Greek Unemployment Rate as of June 2013

I was getting very excited about the “green shoots” in the Eurozone, but then I read that Greek unemployment is at a record.  Most people derive their wealth and sense of well-being from their work.  If the labor market in performing poorly, then people are not doing well.  You can point to this figure and that figure and claim that there are green shoots, but until there is no recovery without a labor market recovery.

UPDATE 2-German exports struggle to regain momentum in June | Reuters.

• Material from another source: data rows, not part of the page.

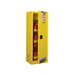 Its exterior dimensions are 65 in H x 23.25 in W x 18 in D (1651 mm H x 591 mm W x 457 mm D). These yellow cabinets can store 22 gal (83 l) of flammable liquids.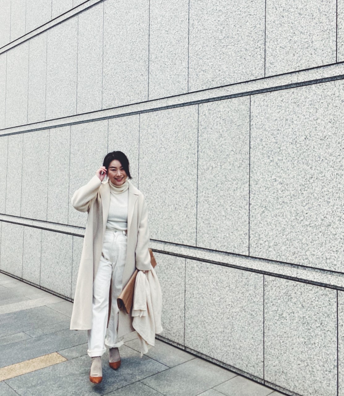 「オール白の着こなしは気分転換にもなるし、周りからも春らしいねと褒めてもらうことが多いです。白でもほっこりさせず、シャープな雰囲気で着たかったのでショート丈のコートとセンタープレス入りのパンツですっきりとまとめました。上半身をコンパクトすると、白でもスタイルアップして見える気がします」(ライター広田香奈さん)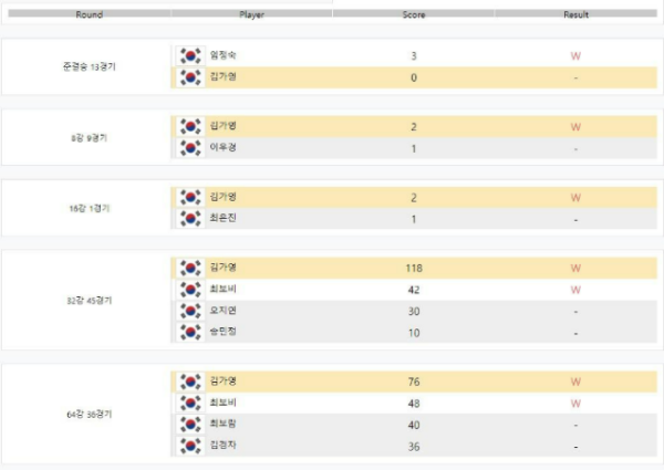 32강 45경기: 김가영 118 W 최보비 42 W 오지연 30 - 송민정 10 -
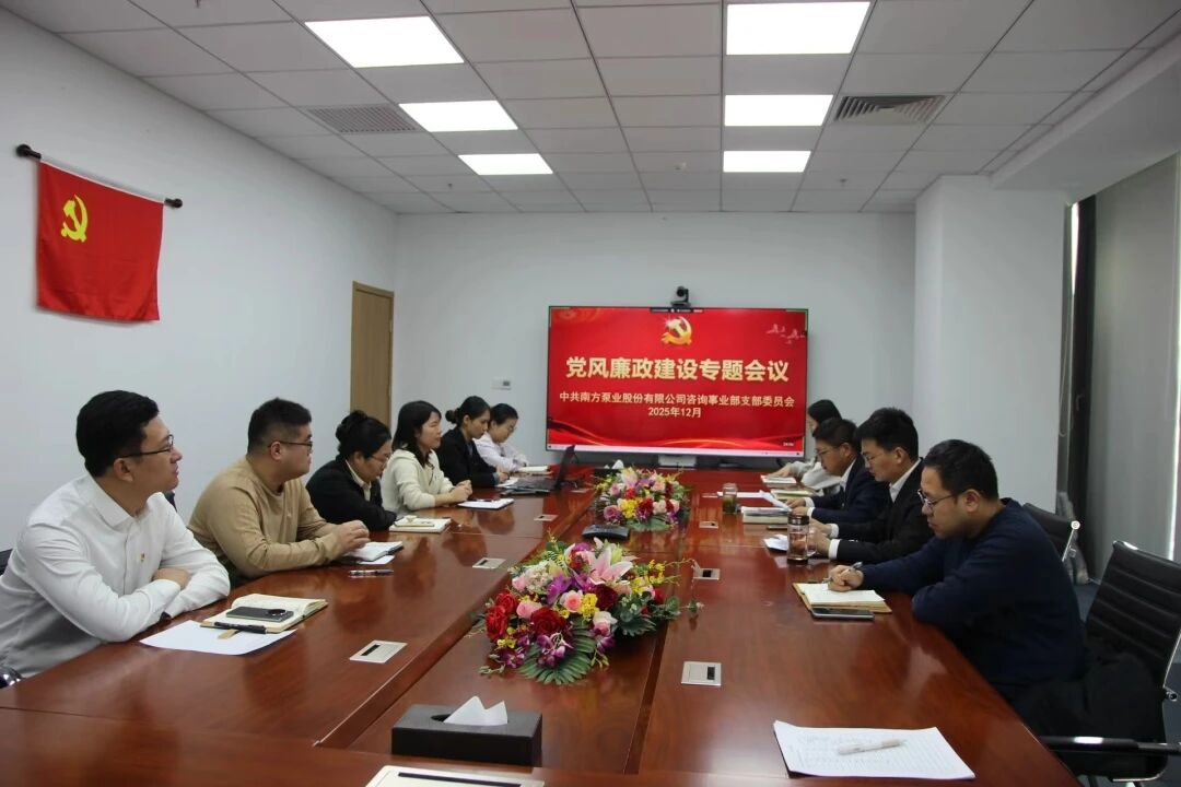 咨询事业部组织全体党员重温《中国共产党廉洁自律准则》等党内法规,围绕筑牢廉洁自律防线与发挥党员先锋模范作用进行深入研讨,并集中观看廉政教育片,以典型案例强化警示效果,引导全体党员干部筑牢思想防线,严守纪律规矩,为事业部高质量发展营造风清气正的良好生态。
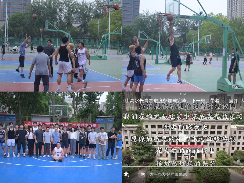 为拉进师生距离,营造浓厚毕业氛围,经管学院于6月20日举办毕业班师生篮球友谊赛。赛场上,毕业生代表与学院领导、老师同场竞技,双方队员配合默契,攻防转换间尽显风采,场边观战师生的加油声此起彼伏,欢笑不断,饱含着深厚的情谊与美好的祝愿。此外,学院及时在校园媒体上推送毕业季宣传文稿和视频,通过微信公众号、抖音等平台扩大教育影响力,营造浓厚教育氛围,切实保障毕业生安全、文明、和谐离校。青春的脚步永不停歇,祝愿所有毕业生在未来的道路上,以梦为马,不负韶华,书写属于自己的精彩篇章。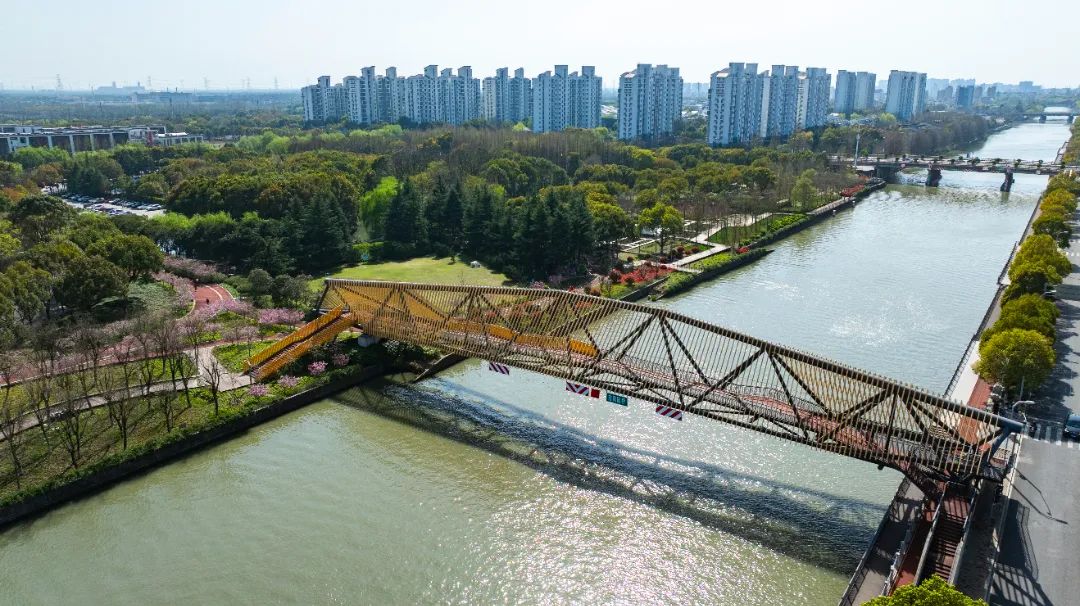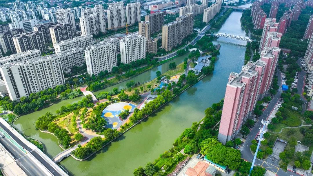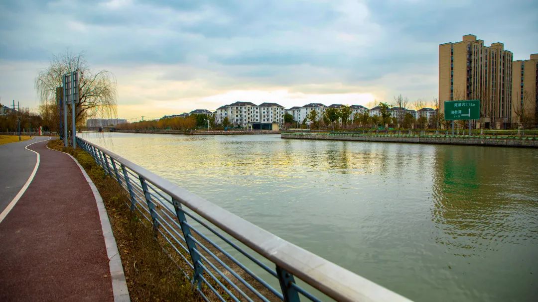 环顾四周,西大盈港就像一条银龙,穿梭于城市之间,河边也成了市民周围的康体活力绿廊。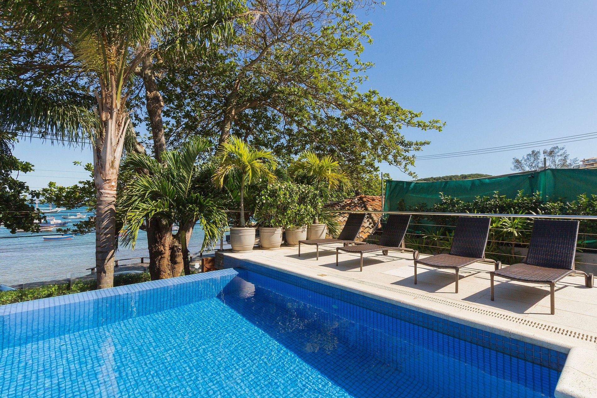 Piscina infinita frente a Orla Bardot y Praia da Armação, sauna, gim, 2 estacionamientos y un acogedor jardín, todo en el condominio donde se ubica la casa. A pasos de la playa y en el lugar con más encanto de Búzios.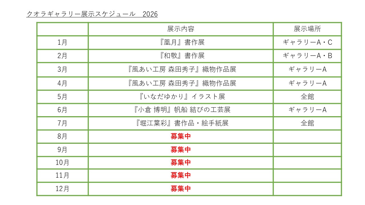 クオラギャラリーは、地域の作家、アーティスト、クリエイターの皆様、又は目指す学生さんを応援し、発表の場としてお使い頂いております。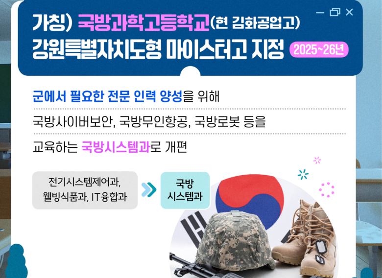 지난해 강원형 마이스터고에 지정된 김화공업고(철원)는 금년도 교육부 재구조화 사업에도 선정되어 한국국방과학고 전환에 더욱 탄력을 받을 전망이다. 기존 모든 학과를 △국방시스템과(3학급)로 개편하고, 국방사이버보안, 국방무인항공, 국방로봇 분야 기술인재를 양성할 계획이다. 앞으로 약 10억의 예산을 확보한 만큼 국방 관련 첨단실습실 구축에 투입할 예정이다.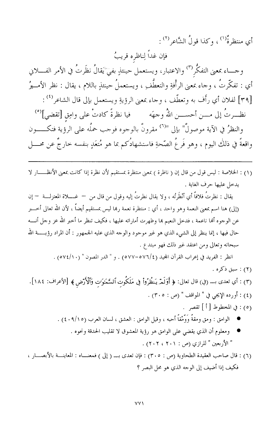 (¬6) قال صاحب العقيدة الطحاوية (ص: 305): فإن تعدى ب (إلى) فمعناه: المعاينة بالأبصار، فكيف إذا أضيف إلى الوجه الذي هو محل البصر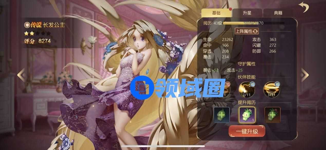 每升一星,伙伴的守护属性、出战属性也随之增加,主动和觉醒技能提升一级,同时也会解开一个典籍被动技能格子。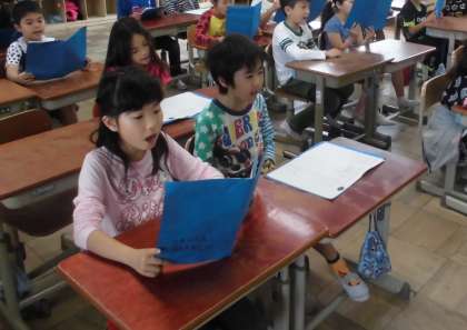 3年生は,朝学習の時間に音読練習をしていました。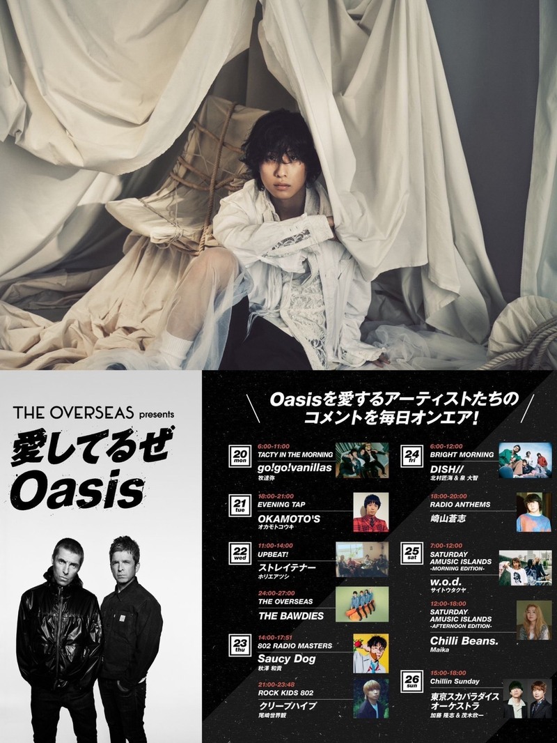 3時台後半には、オアシスの復活と来日をお祝いする企画「愛してるぜOasis」!この番組には、東京スカパラダイスオーケストラ 加藤隆志さん、茂木欣一さんからコメント到着します。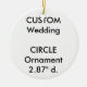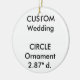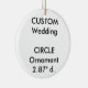 Custom ROUND CIRCLE White Ceramic Ornament Decoration 2.87", with strand of gold thread for hanging, full-colour, full-bleed printing, photos, images and personal message printed on both sides. Great for displaying romantic messages or photos of the bride & groom.

German Export Performance Through 06.2013

More green shoots need debunking.  German exports may have risen, but this data is volatile.  A rise from one month to the next does not indicate that the German export machine is on the verge of revving up and pulling the entire Eurozone out of recession.

China Trade Rebounds in Further Sign Economy Stabilizing – Bloomberg.

Unexpected strength in China trade data eases some gloom | Reuters.

China Trade Data Beat Forecasts –

Chinese Exports Through July 2013

This is “official” data from China.  Everyone knows that it is manipulated by the government, and this is very easy to prove.  China claims higher export levels than are supported by the import data from its trading partners, but the mainstream media does not place the “official” data in context and repeats it as fact.

The latest HSBC PMI shows the true picture of the Chinese economy:

China HSBC-Markit PMI Summary 07.24.2013

US claims tick up, but near post-recession lows.

U.S. Jobless Claims Tick Up –

Gauge of U.S. layoffs falls to pre-recession level | Reuters.

Initial Unemployment Claims Through 08.03.2013

The most interesting conclusion that may be gleaned from the initial claims data is that the labor market is way behind other recoveries.  Four years in, initial claims should drop below 300,000, but they haven’t.  Stocks, bonds and house prices are at records thanks to asset price inflation courtesy of the Fed, but the labor market remains abysmal.  You would think that those Ivy-league educated central bankers would have figured out that the money printing is causing the poor labor market by now, but they are adhering to their money-printing dogma.  Woe is the worker.


One thought on “Around the Globe 08.08.2013

  1. The often unrealized fiction is the IMF

    US contributes 17.69 % while individual countries in Europe
    each come in about 1/3 of that and China 4 %.

    I cannot wait to see the reaction when the tax payers realize the bill on this.

    So in this order of realized and unrealized fictions:

    1. Bernake and the Fed, printing and printing the money.

    2. Knowing Bernake and the Fed permit foreign banks with US offices
    to grab the interest free money.

    3. Additional foreign support given by the US taxpayer to the IMF.

    * Noted Question: How is Greece Italy France contributing their share to the IMF
    when they have no money ?

    Answer by the US increasing its share to 25 % or more is probably likely.

    In short, Greece, Italy, France etc. are or will all be supported by loans
    that cannot be paid back, and by artificial currency.

    The goal here is buying time,

    time for the banks and the private investors that took the
    high risk but received the high rate of return gambling on government bonds to get out

    Whilst the taxpayer is substituted as the bag holder.